# Squeaker / Small Canada Geese



## prairie hunter (Mar 13, 2002)

Any one notice that the small Canada geese are getting more difficult to decoy compared to 10 years ago.

Maybe they are on the same path as the snows. Big flocks of too many adult birds. In the morning they often feed in a different field than the evening before.

They are still easier to hunt than snows because they usually fly at 60 yards high or less until a few rounds have been popped at them and they climb up into the clouds.

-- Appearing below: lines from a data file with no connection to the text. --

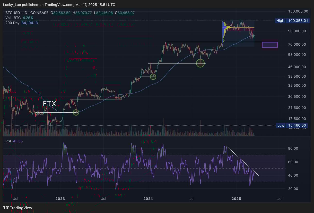 Price is once again consolidating under the 200-day moving average (blue line), as it did for three months last year and two months or so in 2023. Everybody seems to be expecting that $73k breakout retest now, so I suspect we either front-run to the upsideβmaybe sweep the previous low at $76kβor go lowerβmid to high 60sβto flush early longs. This all likely happens in April, though. My base case is up into month end.
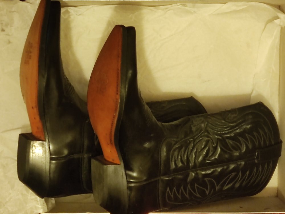 Cizme ciocate înalte western, calitate foarte bună, piele naturală, inclusiv talpa. Cută longitudinală talpă înainte de toc (nu se pliază talpa imediat lângă toc), căptușeală piele albă cu întăritură la călcâi din piele neagră lucioasă (nu necesită limbă, se încalță/descalță ușor), cusături decorative. Absolut noi, în cutie, însă nu îmi vin; se potrivesc cuiva care poartă 42, maxim 43. În magazin, modelul e ~1700 lei. Le dau cu regret (chiar sunt de super calitate) cu 1200 negociabil.
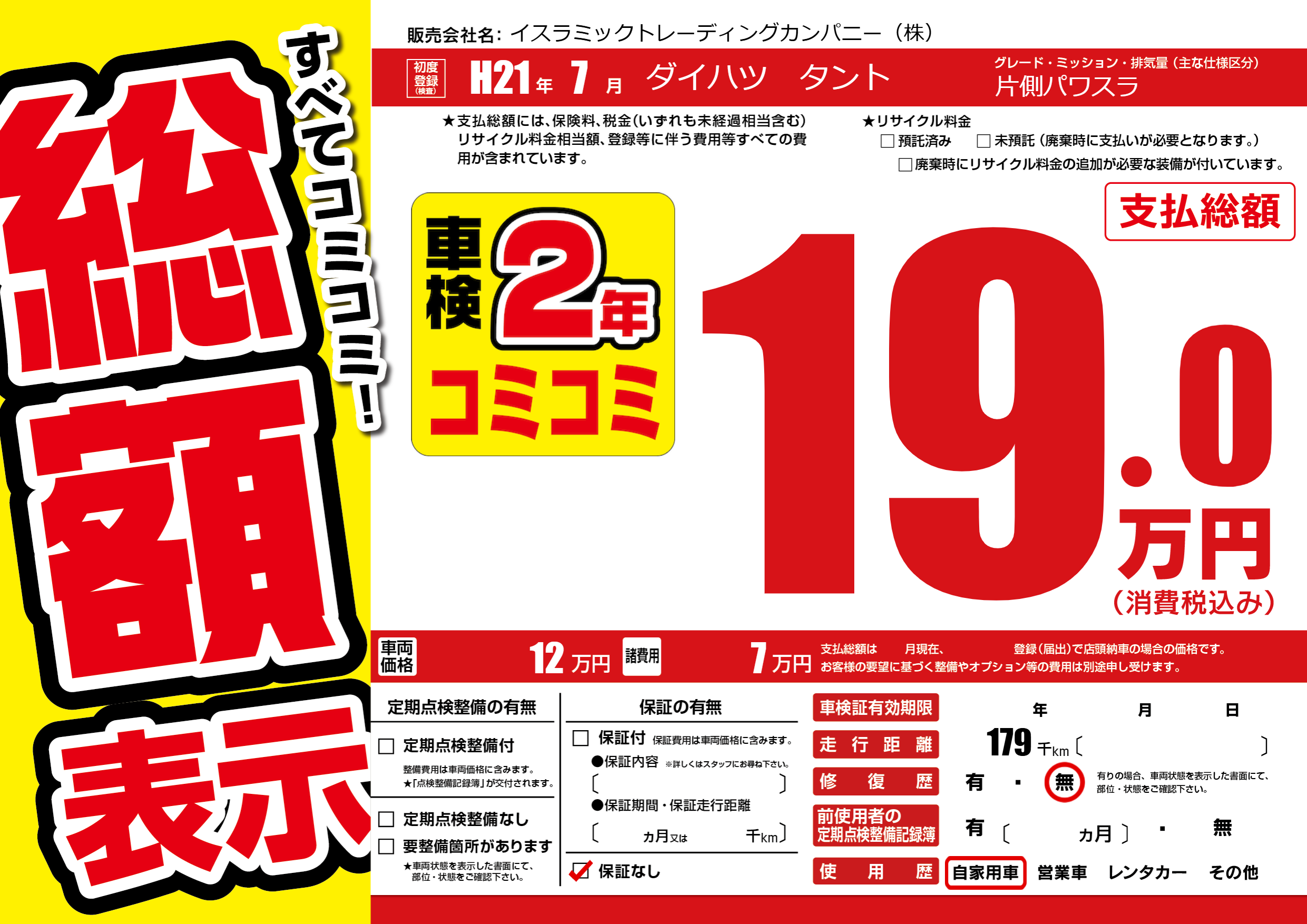 | 車名 | ダイハツ タント | グレード ミッション 排気量 |
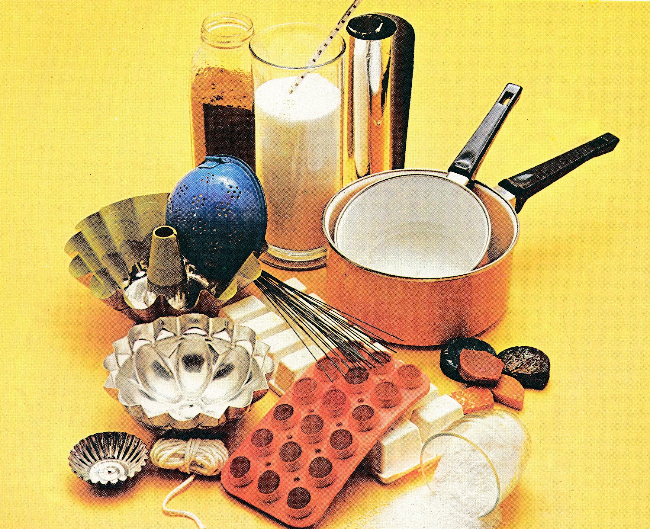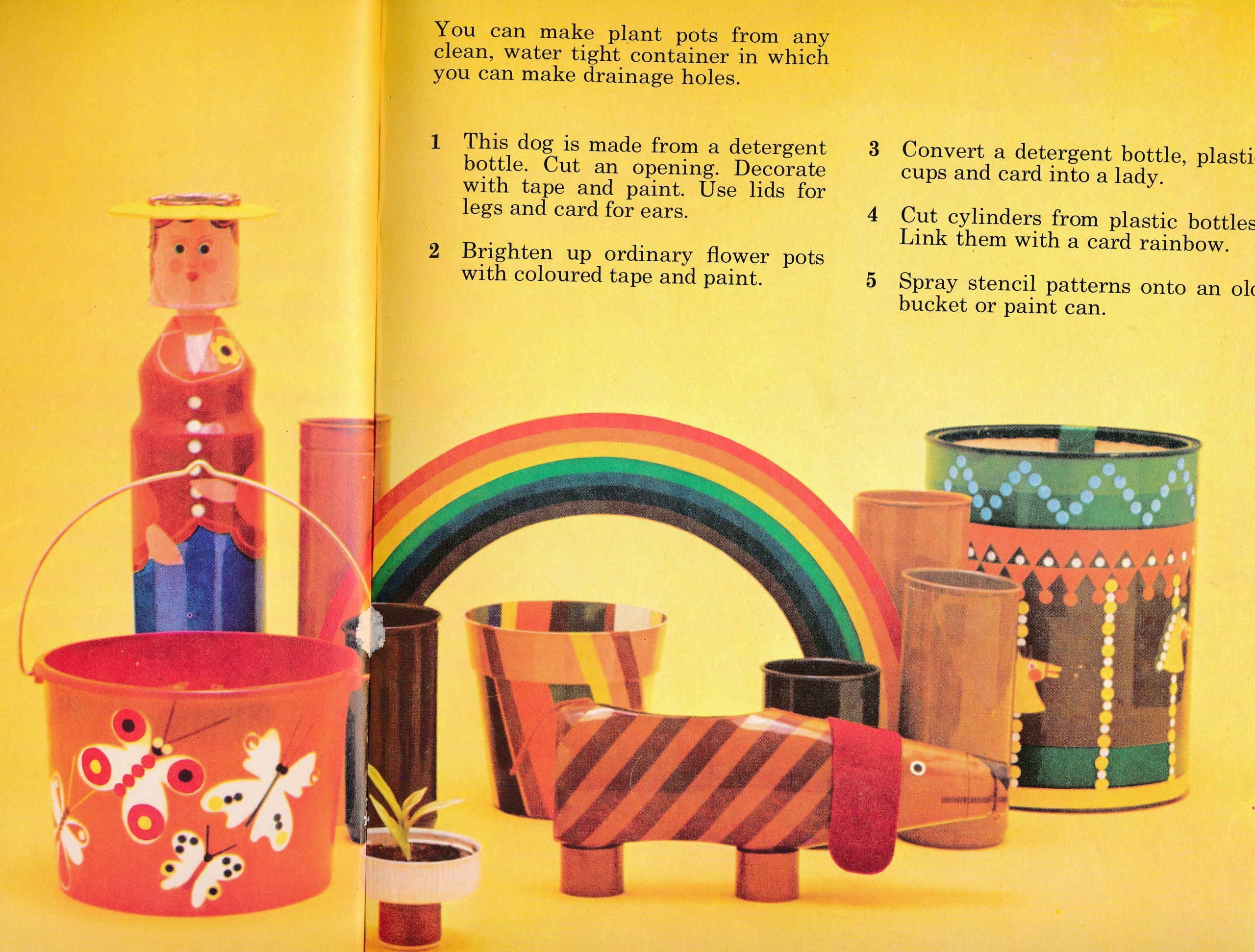 Another charity shop book- this time from the 70s. It’s a slightly strange mix of technicolour things made from recycling bin objects or fabric scraps, and then a section about making candles.

Pass shooting is still very deadly and alot of fun on the small Canada geese.


----------



## Wood Duck (Mar 22, 2002)

I'll second that. The small Canadas can give a guy some trouble. Even as early as 5 years ago they were almost a gimme. The big Canadas are almost too easy, so why cant we just have a happy medium? My dream field has snows, Canadas- big and small, and ducks. Believe it or not we do find these dream fields quite often.


----------



## Old Hunter (Mar 8, 2002)

You got that right ph. The shooting pressure in Canada is getting heavier. The birds are educated by the time they get here. There are 3 things that you can do to increase your bag. Use ahigher pitch call. I use a TG short mag for the little ones. Itis important to have 2 or 3 callers. A busy calling routine,and flag flag flag. I use pole kites on a bamboo pole. The bamboo pole gives the flag a great motion. I use a 2 piece pole. camo it and reglue the ferruls. I usually cut about 6 inches of the pole to get the right stiffness. they break so I carry spares. Give it a try it works for me good luck


----------